Ho letto con una certa avidità il pezzo di Concita De Gregorio su La Repubblica. A tema i sedicenni e la mancanza di dialogo in famiglia.
L’ho letto fino in fondo sperando che prima o poi l’articolo finalmente iniziasse, dopo una premessa che si faceva sempre più lunga e ricca di dettagli. Al termine della pagina i miei occhi sono subito scivolati su quella accanto per vederne la prosecuzione. Ma con la vecchia pagina era anche finito il pezzo.
Così ho letto delle difficoltà dei sedicenni alle prese con le conseguenze del loro amore – che a volte assume la faccia di un figlio inatteso –, ho letto la necessità di mentire, ho letto le incomprensioni fra studenti e docenti e quelle fra docenti e genitori, ho letto dell’adolescenza che inizia sempre prima e sembra non terminare mai, ho letto che bisognerebbe cercare insieme una strada per uscirne. Quest’ultimo un accenno interessante, certo; ma nulla più.
Attendevo una parola non banale da Concita, una di quelle cui spesso ci ha abituato, ma questa volta deve essere rimasta incastrata nella tastiera del computer.

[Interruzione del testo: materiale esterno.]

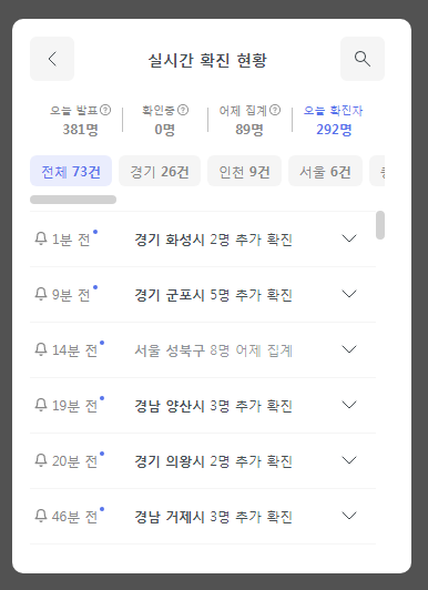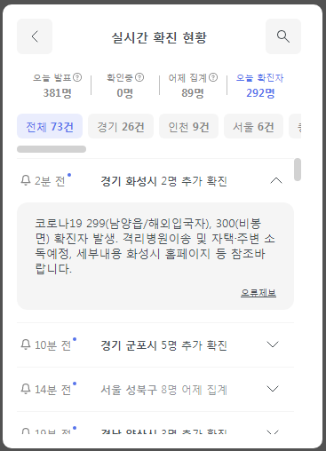 코로나 라이브는 재난문자와 각지자체 및 질병관리청(본부에서 청으로 승격)에서
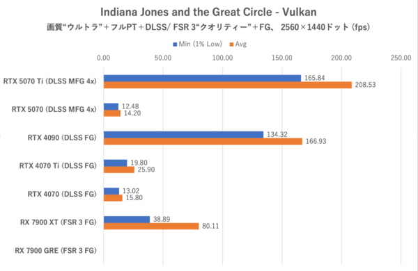 RX 7900 XT+AFMF 2の組み合わせも強いが、RTX 5070 Ti+Smooth Motionも負けず劣らず強い。フルHDではRX 7900 XT+AFMF 2がトップなのに、4KではRTX 5070 Ti+Smooth Motionの平均フレームレートが高くなった理由は、GDDR7の持つ帯域が功を奏したのではないかと考えられる。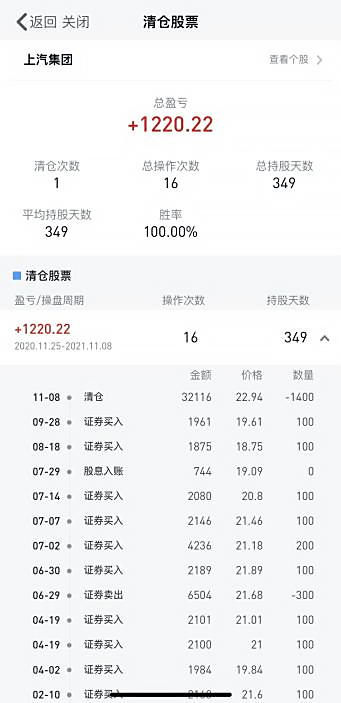 “2021年11月8日,我以22.94元/股清仓的时候总金额大概3万多元,断断续续补仓补了13次,因为中途‘割肉’卖过一点,所以只赚了1200多元。现在回顾来看,我当时建仓真的是买在高点了,没想到28元多的股价就已经是上汽这两年的高光时刻。如果同期买卖的是比亚迪,就算只买一手股票至少也能赚12000元。”林佳说。
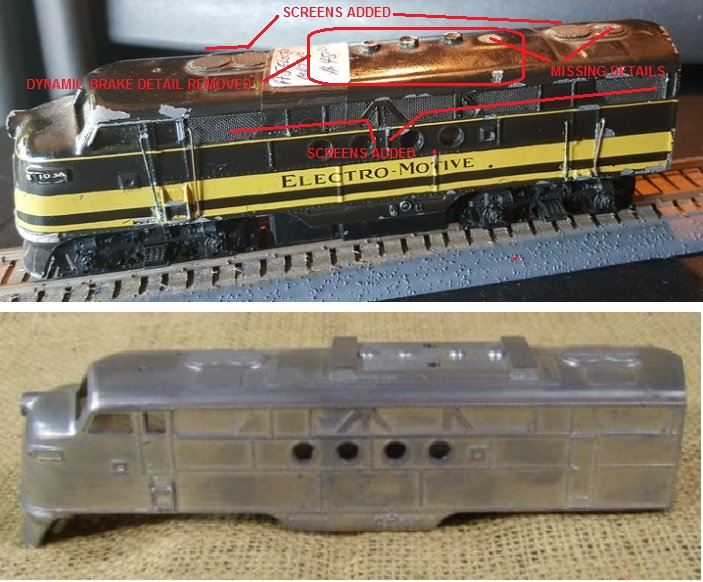 Got this interesting F today. Diecast shell that looks to be a FT or F2. Sitting on a Athearn blue box F chassis. Who made the shell? Very thick and heavy. No nothing on it says who.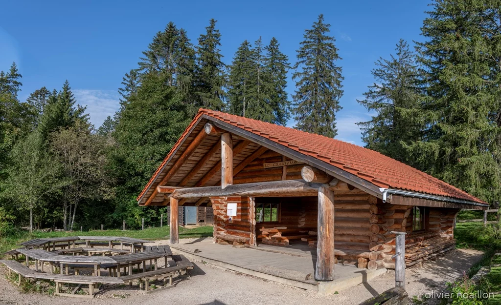Construite en 2006 avec du bois issu de la forêt du Noirmont, la cabane du CrauLoup est le résultat d’un projet local porté par la Société d’Embellissement et de nombreux bénévoles.

Succede, anche ai grandi.
Allora faccio così. Mi prendo io la briga di continuare il suo pezzo. Ovviamente lo faccio a modo mio, senza prestare le parole a nessuno.
Tralascio quindi l’analisi situazionale già brillantemente fatta, la disamina dei punti di inciampo dei giovani e la mancanza di dialogo fra generazioni. Parto dalla strada nuova piuttosto. Perché se strada per uscirne allora strada nuova, nuova rispetto a quelle già battute in modo infruttuoso nel passato.
In realtà la strada c’è già, ed è vecchissima. Occorrono però occhi nuovi per guardarla, perché di sguardo in fondo si tratta. È la strada di un rapporto soddisfacente, fra soggetti alla pari, differenti solo per età anagrafica, non per il pensiero che orienta il moto. La strada è proprio la forma che il rapporto assume, costituendosi come una vera partnership a beneficio di entrambi.
Ecco, la questione è come guardiamo i sedicenni. Sono davvero così stolti, impulsivi, preda degli ormoni e irragionevoli come a volte ci fanno credere? O non sono piuttosto, esattamente come noi, dei soggetti che, come possono, fanno i conti con il reale cercando di trovare una soluzione alla loro questione individuale? Non c’è dialogo, è vero. Ma per parlarsi occorre innanzitutto stimare la persona con cui si dialoga. Se penso che non sia in grado di capire, se la considero non-all’altezza o un interlocutore non interessante certo non spenderò parole inutili. Quindi una stima di partenza.
E poi occorre avere qualcosa da dire. Occorre ritenere sufficientemente interessante la propria vita – ossia i propri atti, pensieri, circostanze, compagnie – per essere raccontata a un altro.
In entrambi questi aspetti noi adulti difettiamo assai: tendiamo a non stimare i ragazzi e in fondo abbiamo anche pochino da dire, forse perché viviamo poco.
C’è di buono, però, che loro non mollano. Come si dice: non se ne fanno una ragione. Se incontrano qualcuno che li guarda con simpatia e che porta argomenti interessanti per la vita non se lo fanno scappare, almeno fin tanto che stanno ancora un po’ bene e si curano di loro stessi.
Per questo vorrei invitare Concita De Gregorio a conoscere i sedicenni che conosco io e che sfuggono all’analisi del suo pezzo. E magari ripensarlo, se non riscriverlo, tenendo conto di una tale novità. Loro sanno essere aperti, curiosi, vogliosi di capire e disponibili; certo, conservano tutto il loro temperamento fatto anche di intemperanze, riottosità e qualche volta malefatte, ma ciò per lo più come una forma di difesa che non dice mai l’ultima parola su di loro. Se trovano una strada percorribile, non si negano il cammino; non amano una fatica astratta, però si spendono per una meta convincente; sgranano gli occhi se hanno davanti un orizzonte.
Ecco come sono molti sedicenni oggi. Non vorremmo anche noi essere così?